Estudar fora para crescerCarvalho, da Speed System, complementa que a média de custo e tempo de duração de intercâmbios voltados para profissionais “varia e muito. Cada área tem o seu tempo de duração, mas todos, com certeza, trazem aprendizado de um outro idioma, vivência no exterior, conhecimento de novas culturas, países e a oportunidade de conhecer pessoas de todo o mundo. A oportunidade de fazer um intercâmbio abre a visão de mundo para a pessoa. O crescimento pessoal e profissional é enorme, sem contar o networking que é feito. Atualmente, nesse mundo globalizado em que vivemos, quem tem a experiência de viver fora do Brasil tem um ‘plus’ em seu currículo. Seja um certificado de nível de um idioma extra confirmado, ou até mesmo um diploma em uma instituição de ensino de um outro país, tem um valor diferenciado”, garante.

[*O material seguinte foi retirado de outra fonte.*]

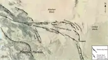 The Zhongwei-Tongxin fault or Tianjingshan fault is an arcuate sinistral (left-lateral) strike-slip zone, forming one of the major structures on the northeastern margin of Tibetan plateau. Six paleoearthquake events in the past 14,000 years have been recorded along the Zhongwei-Tongxin fault zone.[1] Among the earthquakes recorded are the 1622 North Guyuan earthquake, which had a magnitude of 7.0 and mid-seismogenic depth of about 15 kilometres (9.3 mi),[2] the 1709 Zhongwei earthquake, which had a magnitude of 7.5.[1]
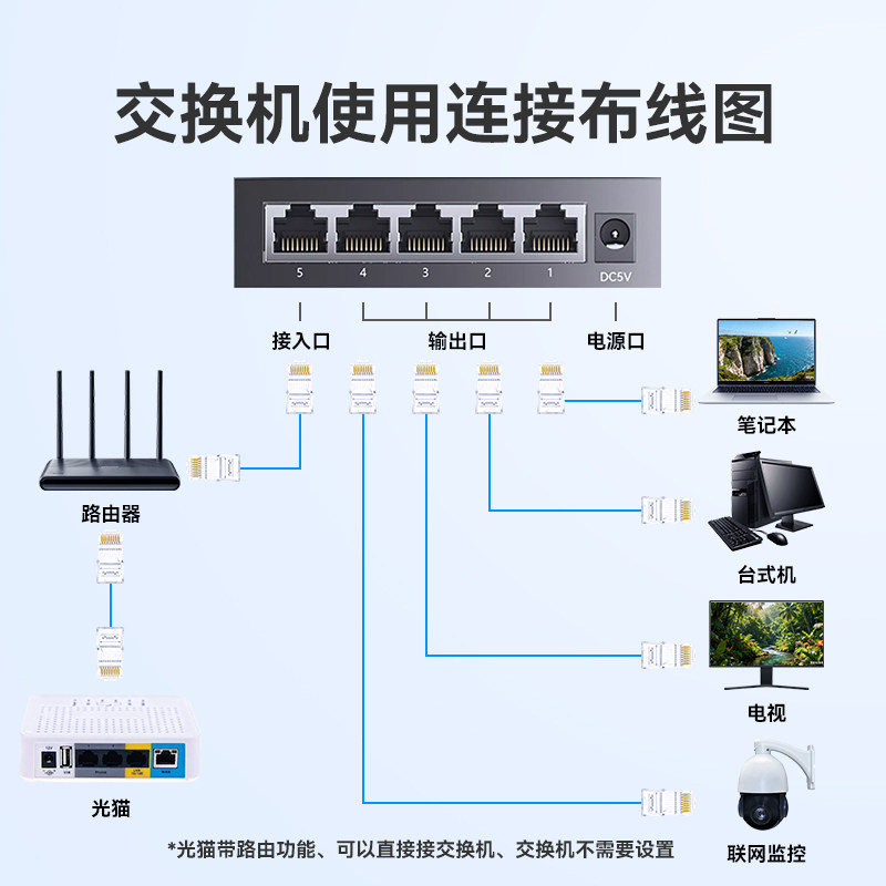 千兆交换机5/8五口宽带家用监控扩展分流器
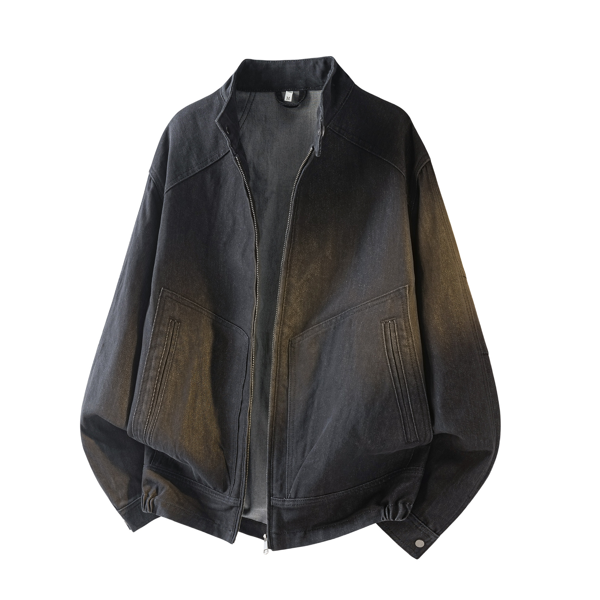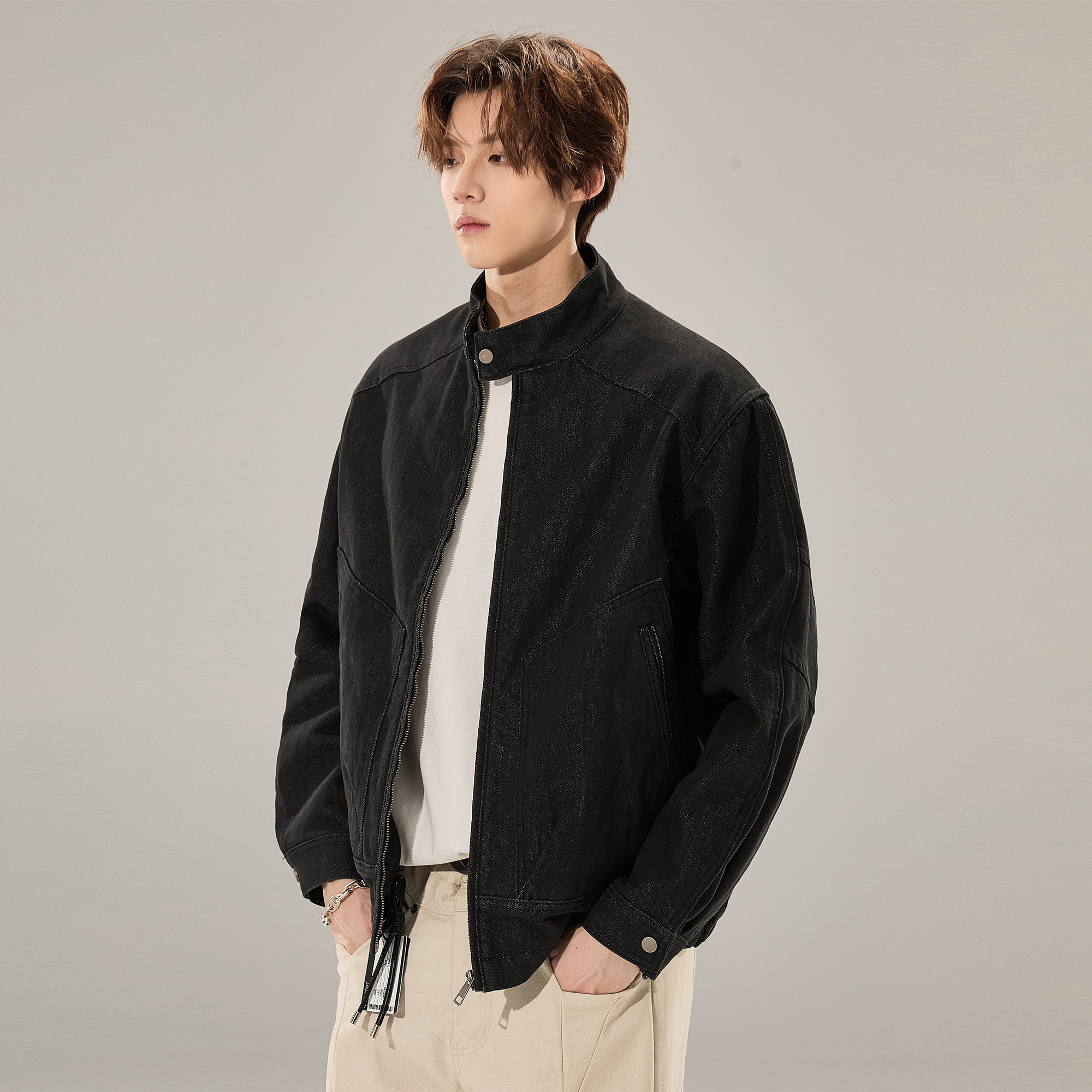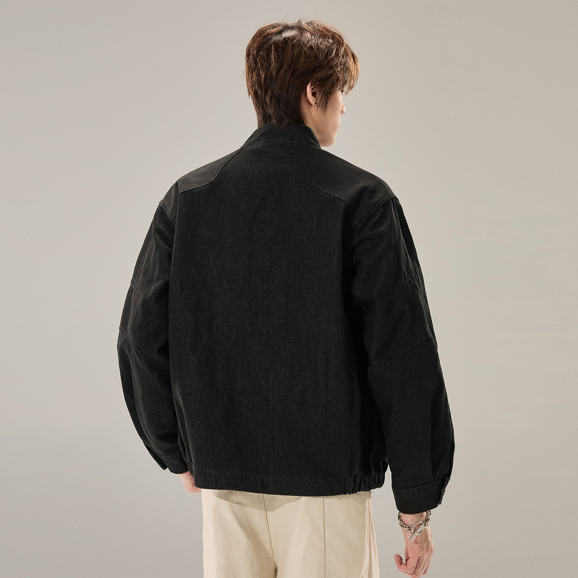 ALLIN 黑色哈灵顿牛仔外套男春秋季美式水洗立领情侣潮牌短款夹克
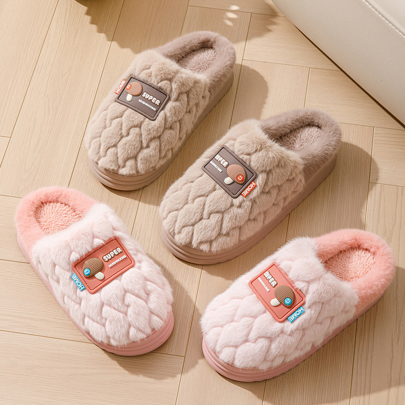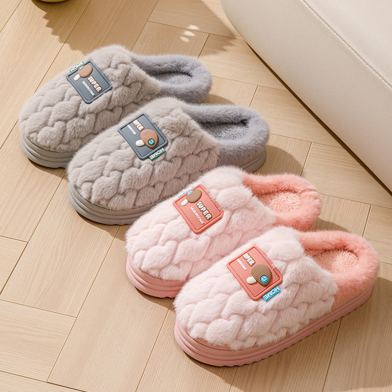 加绒保暖情侣 家居家用室内防滑厚底男可爱毛毛拖鞋 棉拖鞋 女士冬季
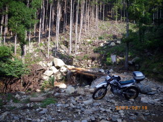 2009 夏 セローでガレ場アタック。 8月10日の豪雨による山崩れや道の 崩落あり。ここでUターン。 |
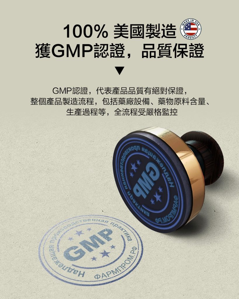 GMP確保產品安全、有效、高品質。 這意味著消費者可以相信他們購買的產品質量上乘,並且含有標籤上列出的成分。
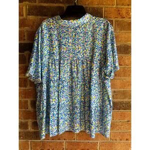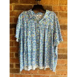Moa Moa Women's Multicolor Floral Short Sleeve Button Front Blouse Size 3X NWT
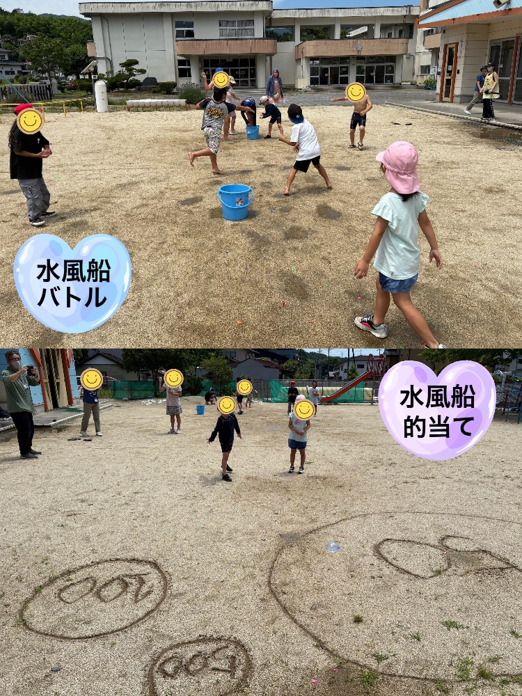 外活動では、水風船バトルを♡どちらがたくさん濡れたかな?!
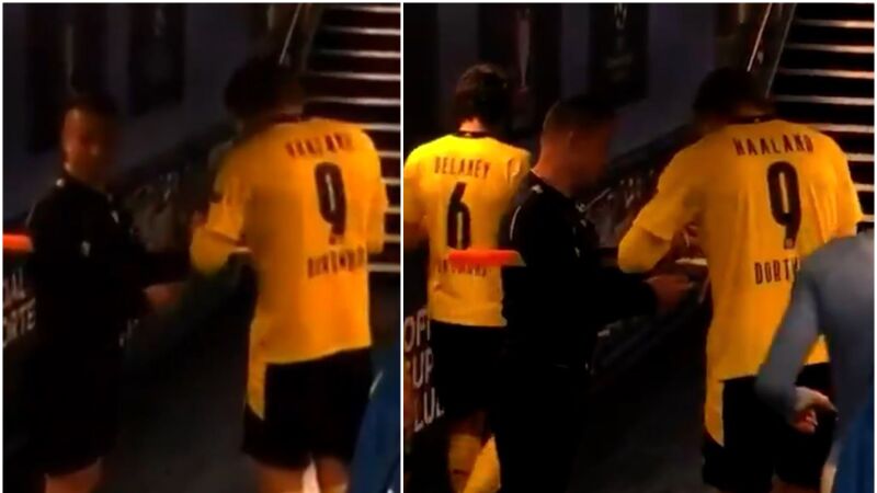 El árbitro rumano esperó en el túnel de vestuarios hasta que vio aparecer a ErlingHaaland y no dudó en pedirle que le firmara un autógrafo en las propias tarjetas, la amarilla y la roja. El delantero noruego no tuvo problema en detenerse con el juez de línea y dedicarle la firma.
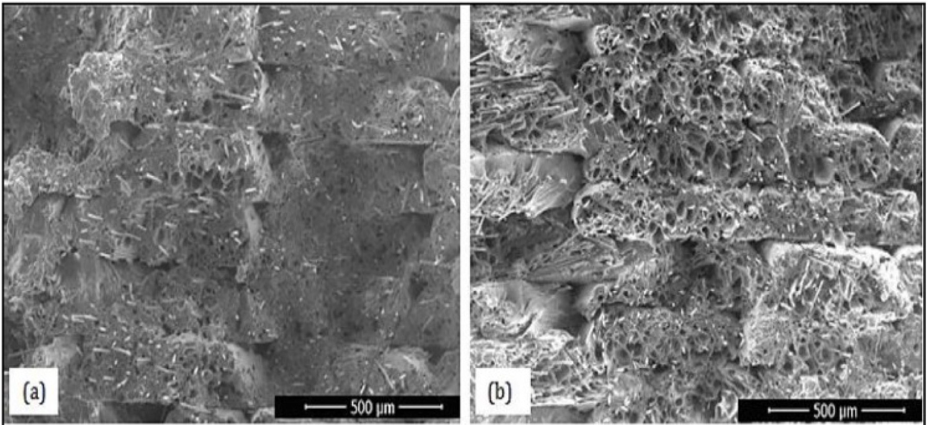 Fig. 3 Microstructures of (a) ABS and (b) PLA filaments. |
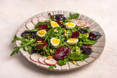Close up homemade salad of quail eggs, boiled beetroot, radish, arugula and basil with olive oil on a light background, copy space
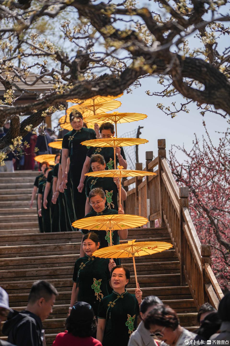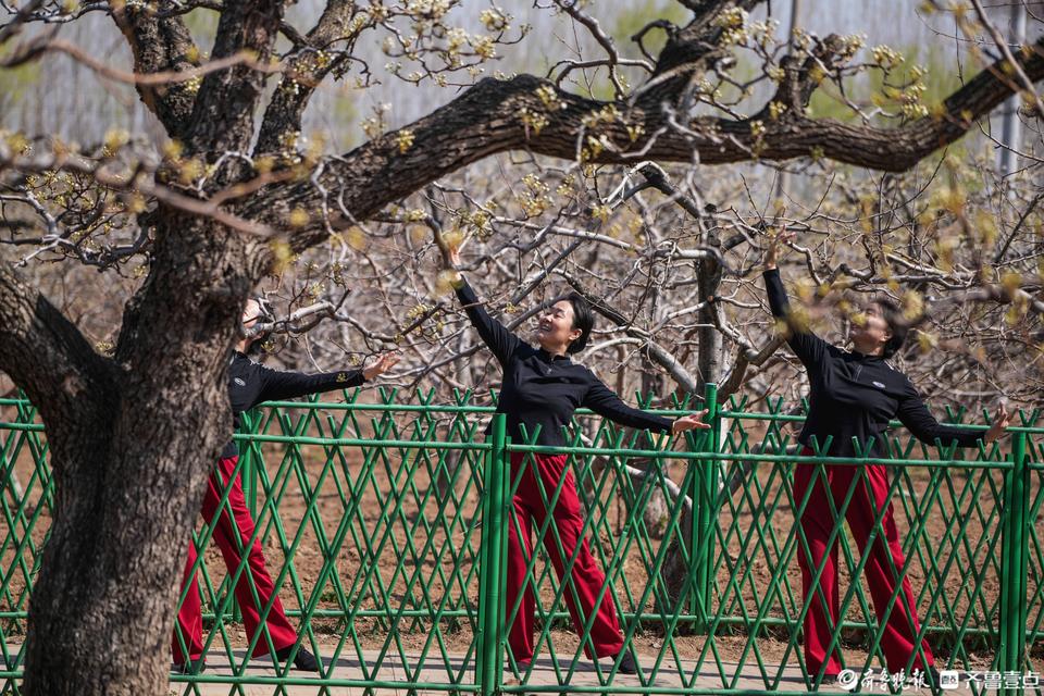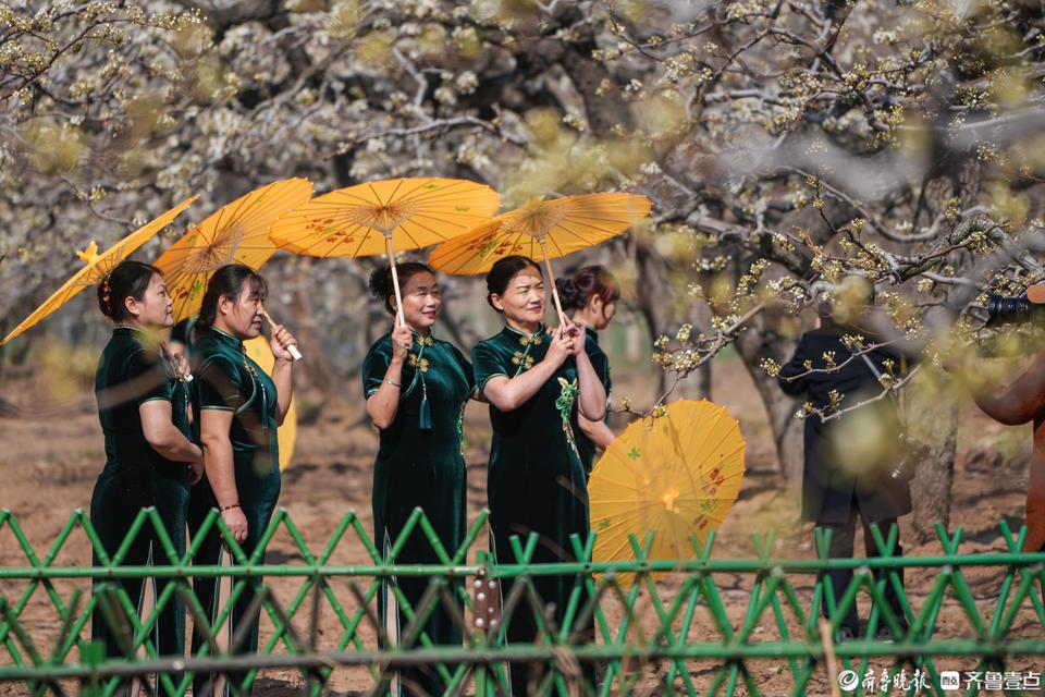 旗袍爱好者在山东省乐陵市大孙乡生态梨园打卡游玩。
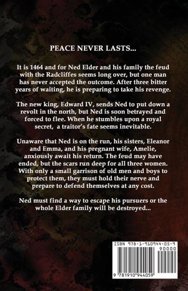 During the Wars of the Roses, peace never lasts… It is 1464. Ned Elder and his two sisters, Emma & Eleanor, have won a hard-fought peace and their feud with the Radcliffes seems long over, but one man never accepted the outcome. After three bitter years of waiting to destroy the Elders, a new ally provides him with a fresh opportunity for revenge. When Ned is summoned to confront a Lancastrian revolt by the new king, Edward of York, he finds his enemies are not just amongst the ranks of the rebels. Branded a traitor by his own commander, the Earl of Warwick, Ned is soon a wanted man in hostile territory and the price on his head only rises when he stumbles upon a royal secret. Meanwhile, Eleanor and Emma watch over Ned's pregnant wife, Amelie, with only a small garrison of old men and boys to protect them. The feud may have ended, but the scars run deep for all three women and they must hold their nerve and prepare to defend themselves at any cost. A condemned man, Ned must find a way to escape his pursuers or else the whole Elder family will be destroyed.

Já Cançado, da World Study BH, reforça que “o valor depende muito do destino, duração, programa etc. Programas acadêmicos, como graduação, pós e mestrado, duram cerca de dois a quatro anos e são pagos anualmente. O aluno pode conseguir alguns descontos e bolsas dependendo do seu desempenho. Por isso, os valores são bem alternados. Em cursos voltados para profissionais, além de melhorar o idioma, o aluno tem a oportunidade de enriquecer o currículo através de aulas acadêmicas e práticas. Nesses programas, o aluno escolhe uma área específica e o curso é focado nessa área, podendo ter aulas práticas, além das teóricas. As áreas mais comuns são administração, culinária, gestão, turismo, marketing, entre outras. Os cursos geralmente possuem duração de seis meses a um ano, podendo ser estendido após esse período. São inúmeros ganhos. Podemos citar o amadurecimento como o principal deles. O intercâmbio ajuda o estudante a ‘se virar’ sozinho, passar por dificuldades, resolver seus problemas sozinho etc. Fora isso, ele aprende o idioma do destino e conhece a diversidade cultural do mundo. Para quem faz um curso específico na área de food service, volta com um currículo excelente, podendo empreender no ramo no mercado brasileiro posteriormente”, indica.